The two ways I recommend for a person with a BI background to get involved with Hadoop is either through a Hortonworks VM or in the Microsoft’s Azure cloud with HD Insight.  Hortonworks provides a VM and Microsoft’s environment is hosted on their cloud. As the company that Microsoft partnered with to develop their Hadoop offerings, Hortonworks has very good documentation targeted to people who have more of a Microsoft BI stack background.  If you chose to go with HD Insight, there is a lot of really good documentation and video training available as well.

How do you compare Hadoop with the PDW?

While both Hadoop and Microsoft’s PDW, which they now call APS, were both designed to handle big data, but the approaches are wildly different. Microsoft built the APS to handle the larger data requirements of people who have structured data, mostly housed in SQL Server.  Hadoop was developed in an open source environment to handle unstructured data.

How can I transfer data into HD Insight?

This is a great question, which I promise to devote an entire blog post to very soon. I’ll give you the Reader’s Digest version here.  There are a number of ways you can transfer data into HD Insight.  The first step is to transfer the data into the Azure cloud, which you can do via SSIS, with a minor modification of the process I blogged about earlier here.  The other methods you could use to transfer data are via secured FTP or by using Powershell.  You will need to call the REST API which you use to provision an HDInsight Cluster.  There is also a UI you can use within HDInsight to transfer data as well.

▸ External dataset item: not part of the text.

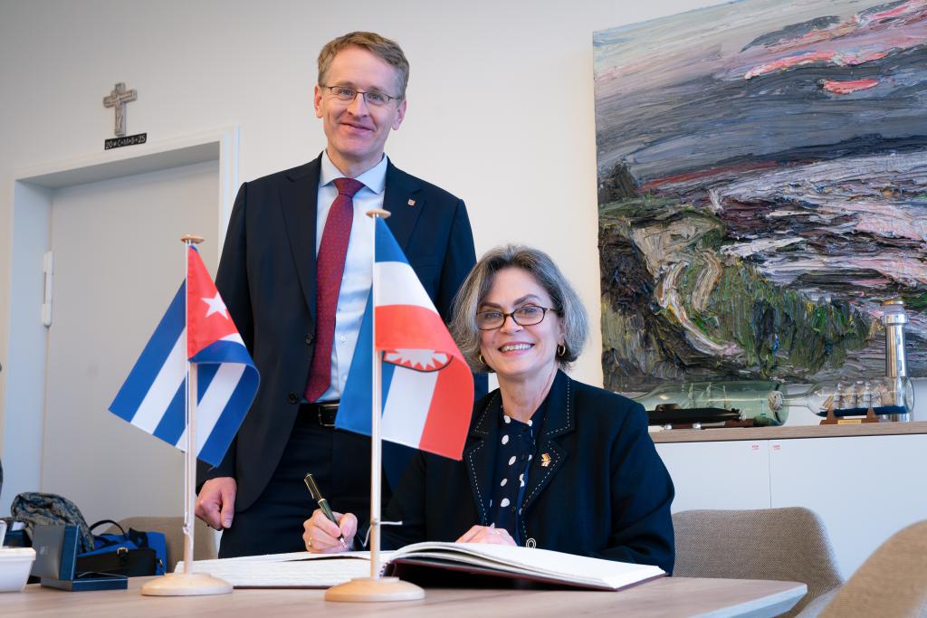Durante dicha visita, la Embajadora tuvo la oportunidad de reunirse con el primer ministro, Daniel Günther, la presidenta del Parlamento Regional, Kristina Herbst y el director para negocios internacionales de la Cámara de Comercio de Kiel, Werner Koopmann. En todos los encuentros se patentizó la voluntad de ampliar la cooperación con Cuba en diversas esferas, principalmente la comercial y la cultural.

I really appreciate the interest in the Webinar.

Yours Always

Ginger Grant

Data aficionado et SQL Raconteur

The Scoop on Sqoop

In the weeks following my talk at Desert Code Camp and SQL Saturday in Detroit about Big Data, I have been receiving inquiries at my blog regarding sqoop, so I thought that I might get more specific on how it works. Sqoop is part of the Apache borg-like collective of tools which was created to use databases, any databases. Lots of people have databases and like them. Databases are really good ways to store data. Just think if Oracle would have been cheaper and faster Hadoop may have never been created because Hadoop was created to solve those problems, I guess at least in this situation resistance was far from futile, but I digress. Let’s say you have some data which you would like to load up into your SQL database. Since you are picking the data to load up into SQL Server, I am expecting you are picking some data which is already structured.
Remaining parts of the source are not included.